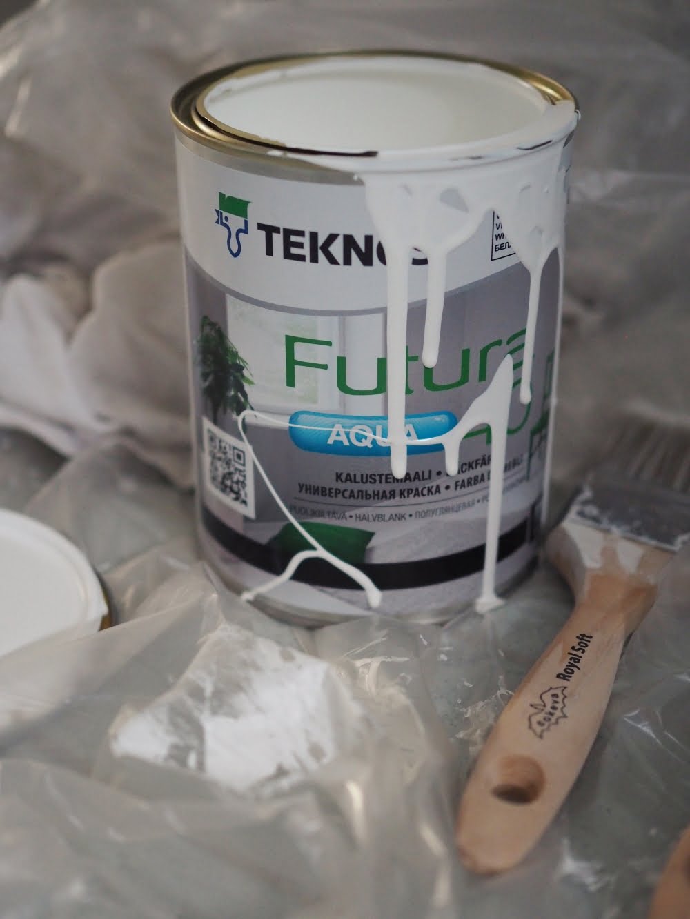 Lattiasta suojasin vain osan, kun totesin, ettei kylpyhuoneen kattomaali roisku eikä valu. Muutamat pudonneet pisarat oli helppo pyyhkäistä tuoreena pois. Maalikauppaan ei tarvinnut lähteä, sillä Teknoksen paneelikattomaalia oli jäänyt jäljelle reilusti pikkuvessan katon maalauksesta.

* * *

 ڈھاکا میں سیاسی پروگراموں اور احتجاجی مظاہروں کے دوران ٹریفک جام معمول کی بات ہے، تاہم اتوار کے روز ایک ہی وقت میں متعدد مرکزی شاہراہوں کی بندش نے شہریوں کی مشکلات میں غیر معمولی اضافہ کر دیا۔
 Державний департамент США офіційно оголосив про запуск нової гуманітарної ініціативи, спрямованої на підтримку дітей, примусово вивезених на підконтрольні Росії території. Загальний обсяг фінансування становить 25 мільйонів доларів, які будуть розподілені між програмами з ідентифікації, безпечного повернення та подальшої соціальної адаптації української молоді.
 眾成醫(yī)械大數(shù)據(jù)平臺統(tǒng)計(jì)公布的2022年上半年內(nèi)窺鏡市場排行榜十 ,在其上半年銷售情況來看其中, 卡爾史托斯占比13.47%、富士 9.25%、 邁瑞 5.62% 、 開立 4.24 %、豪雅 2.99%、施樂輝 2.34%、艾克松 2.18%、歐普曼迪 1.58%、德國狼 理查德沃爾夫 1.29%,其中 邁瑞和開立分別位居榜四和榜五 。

* * *

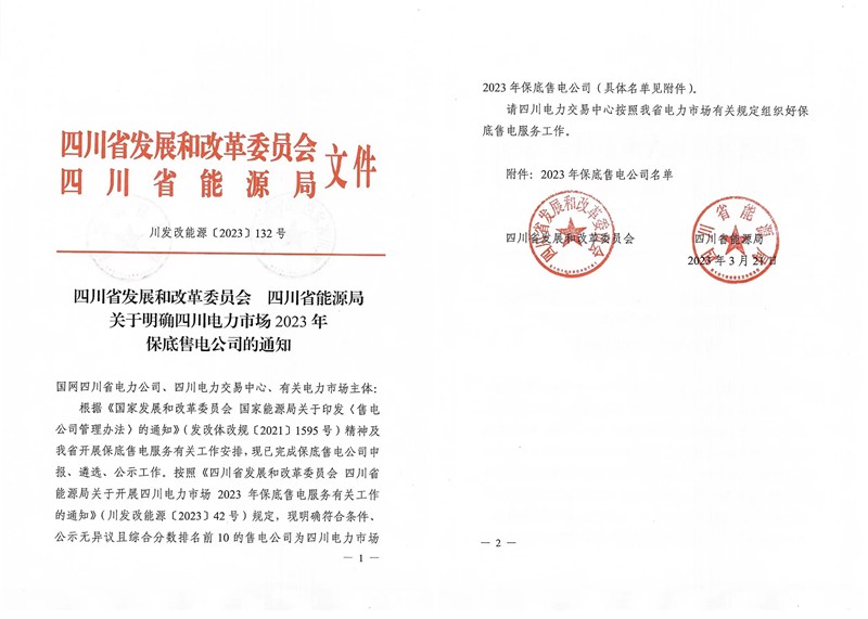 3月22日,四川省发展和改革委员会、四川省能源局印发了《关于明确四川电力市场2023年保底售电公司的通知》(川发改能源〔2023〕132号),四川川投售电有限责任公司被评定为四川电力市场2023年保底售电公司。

Problem: Return, with no change at all, every line in the entries above from the line containing "Державний департамент США" through the line containing "1.29%,其中 邁瑞和開立分別位居榜四和榜五 。".

Your solution:
 Державний департамент США офіційно оголосив про запуск нової гуманітарної ініціативи, спрямованої на підтримку дітей, примусово вивезених на підконтрольні Росії території. Загальний обсяг фінансування становить 25 мільйонів доларів, які будуть розподілені між програмами з ідентифікації, безпечного повернення та подальшої соціальної адаптації української молоді.
 眾成醫(yī)械大數(shù)據(jù)平臺統(tǒng)計(jì)公布的2022年上半年內(nèi)窺鏡市場排行榜十 ,在其上半年銷售情況來看其中, 卡爾史托斯占比13.47%、富士 9.25%、 邁瑞 5.62% 、 開立 4.24 %、豪雅 2.99%、施樂輝 2.34%、艾克松 2.18%、歐普曼迪 1.58%、德國狼 理查德沃爾夫 1.29%,其中 邁瑞和開立分別位居榜四和榜五 。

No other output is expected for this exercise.